Quick change

Students go from football jerseys to instruments in a matter of minutes


Nicole Genrich

There’s no rest for two varsity football players who go straight from their football pads to their instruments.

Nick Smith, Staff Reporter

The whistle blows for halftime.

For two players on the varsity squad however, there is no break in store after the second quarter. These students throw off their helmets and rush back on the field for their second performance under the Friday night lights.

Senior Jake Schmidt and junior Jacob Oates’ passions for marching band and football is the definition of a conflict as not only do these events fall on the same time, but their practices coincide as well. Through careful scheduling and timing, both students have found a way to pursue their interests.

Schmidt and Oates split their time as evenly as they can between the two practices during the week. Monday, Tuesday, and Wednesday are spent at football practice during the morning.

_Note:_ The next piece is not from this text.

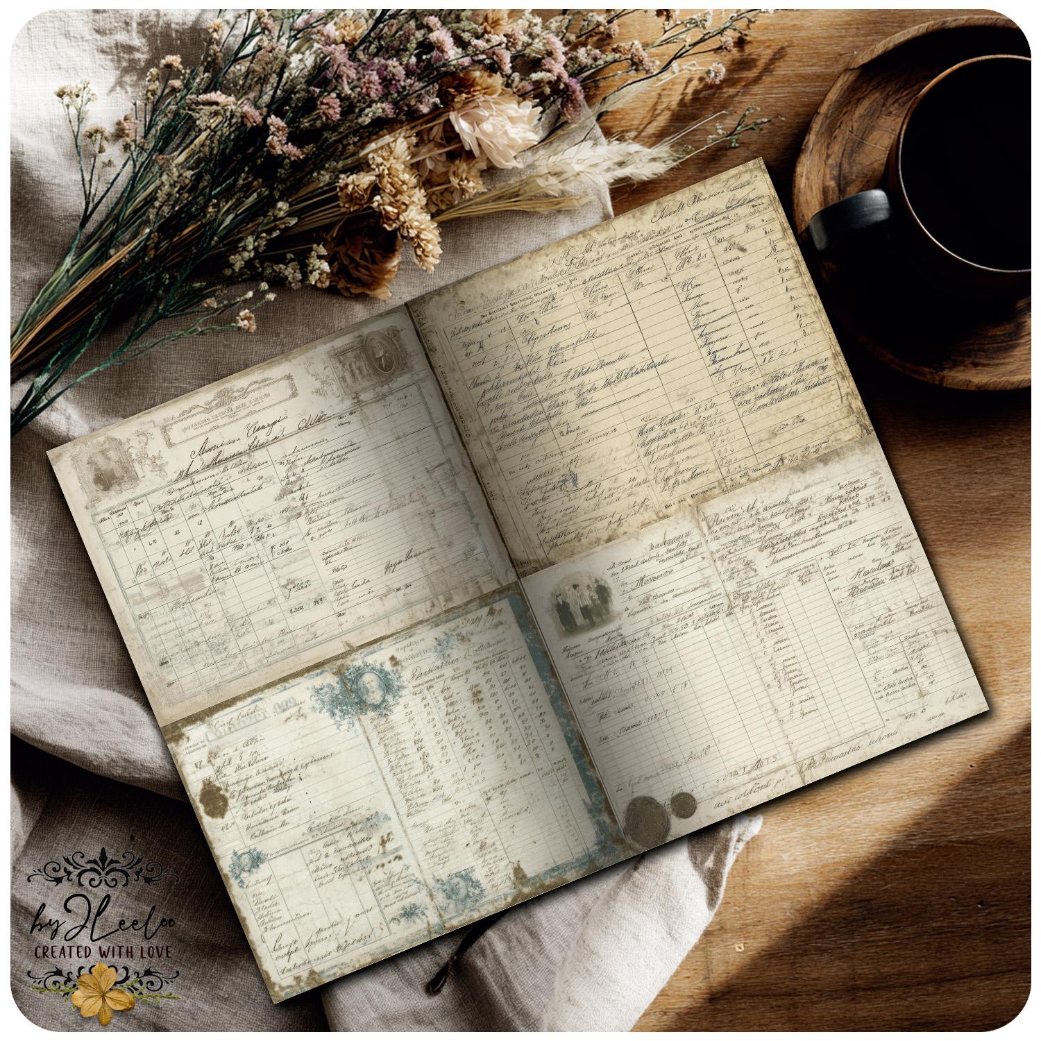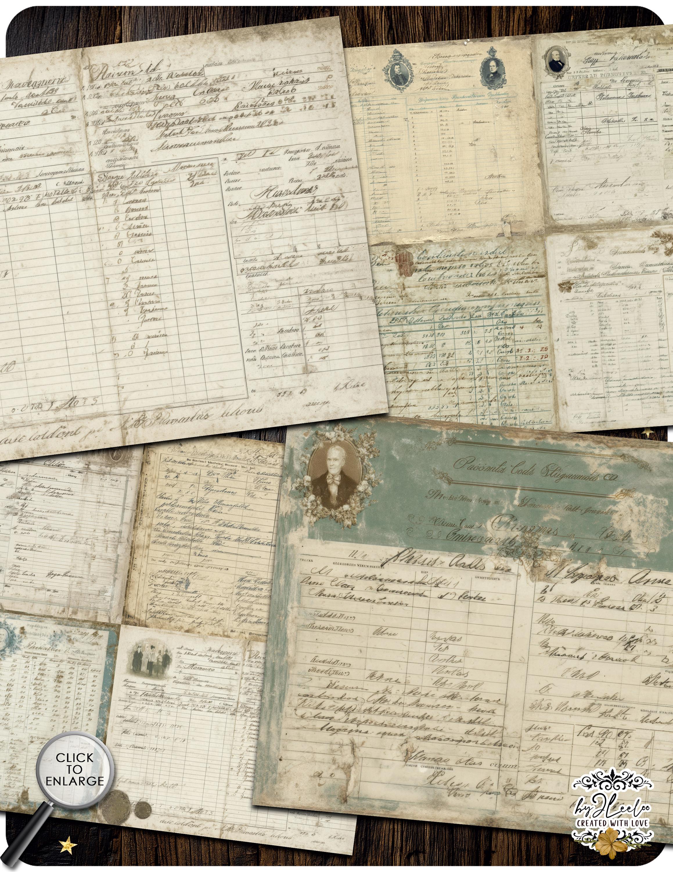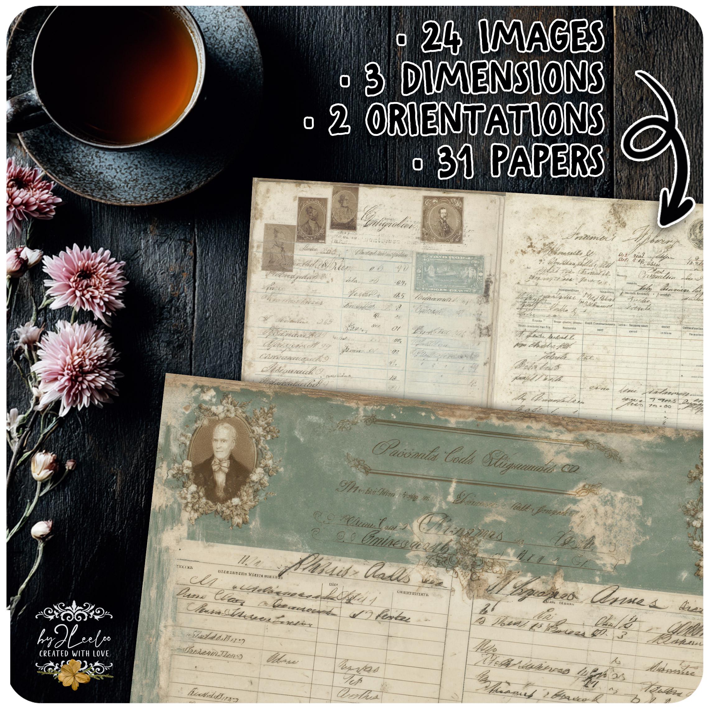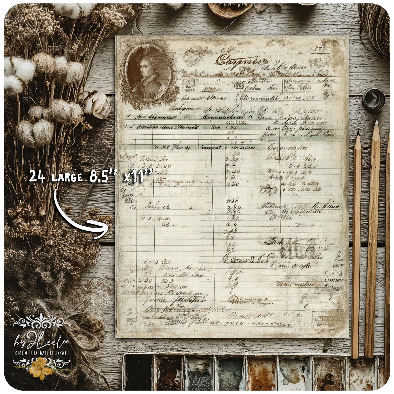 Soft traces of faded ink, gentle washes of aged greens, burnt edges and time-worn details — each sheet carries that quiet, imperfect beauty only true vintage can give.

Thursday and Friday morning, as well as Monday night, are spent at band practice.

The transition from on the field to preparing for a performance is difficult to achieve but the students have found a routine.

“After halftime is called, you just have to switch mindsets,” Oates said. “I throw my pads and helmet off and try to get a short warmup in if I can, but during home games I only have minutes. We prefer away games because we have time to rest and watch the opposing band.”

Marching band director Paul Heuer and the band department are very supportive of the students’ decision.

“I love that they do both,” Heuer said. “They have split their time between football and band since the beginning of the season and have done great for us. They have not missed one performance and are an integral part of our team. When students are part of two activities, they are twice as busy as someone who is only involved with one, and these two students have been able to balance all of it. We are very happy to have them.”

The football program as well as head coach Ryan Cox have also supported the students as they pursue their interests.

“I am in full support of it,” Cox said. “No matter what the situation is, I want all of my football players to have an opportunity to experience and try any extracurricular activity that they want. In fact, I feel that the multi-activity students that we have at Lovejoy should not feel pressure to have to choose between their chosen extracurriculars. The organization and sharing of these students, whether it’s multi-sport or multi-activity, is and should always fall on the coaches and directors. I love the fact that I have two football players in the band.”

Oates and Schmidt say they are very grateful that they are able to participate in both activities, but the combination doesn’t come without its negatives.

“Monday night is usually the worst,” Oates said. “With football in the morning and band after school ‘til 8, there’s very little time for homework nor sleep. Band usually solves all our problems though. We don’t get any sleep though, six to seven hours are probably max.”

The students have also found that with such little time, it becomes difficult to practice to perfect their skills.

“One of the biggest problems in my opinion is splitting your time between the two,” Schmidt said. “If we did just football, we would be so much better players. In contrast, if we did just band we would be great musicians.”

The most surprising results of the activities is the effect on their social lives between marching band and varsity football.

“It’s really interesting what happens with our friends though,” Schmidt said. “Band and football kids are usually very separate as their personalities are very different. We’ve been the middle ground between the two and have friends in both groups. We always have each other though.”

Oates and Schmidt will be playing and performing at the next home game against Prosper High School on Oct. 23. They can be spotted as the only marchers in full football uniform.